In the records that follow, the lines from the one containing "Vlažno vreme i" to the one containing "图1 实验中使用的MPs(a):PVC; (b):PET;", inclusive, are to be given again exactly.

— Records for the exercise —
────────

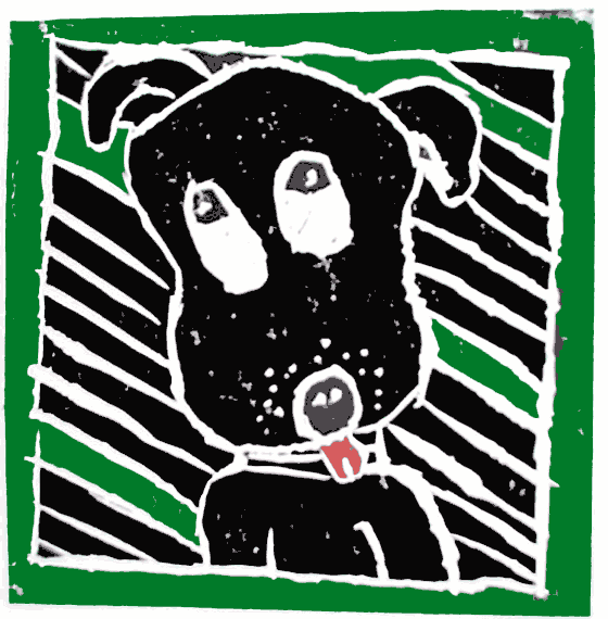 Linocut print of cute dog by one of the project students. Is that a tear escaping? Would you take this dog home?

────────

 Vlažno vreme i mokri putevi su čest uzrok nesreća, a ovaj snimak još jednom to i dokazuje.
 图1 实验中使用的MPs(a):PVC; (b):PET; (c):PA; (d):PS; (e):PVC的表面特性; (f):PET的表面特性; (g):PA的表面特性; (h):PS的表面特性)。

────────

— Task response —
 Vlažno vreme i mokri putevi su čest uzrok nesreća, a ovaj snimak još jednom to i dokazuje.
 图1 实验中使用的MPs(a):PVC; (b):PET; (c):PA; (d):PS; (e):PVC的表面特性; (f):PET的表面特性; (g):PA的表面特性; (h):PS的表面特性)。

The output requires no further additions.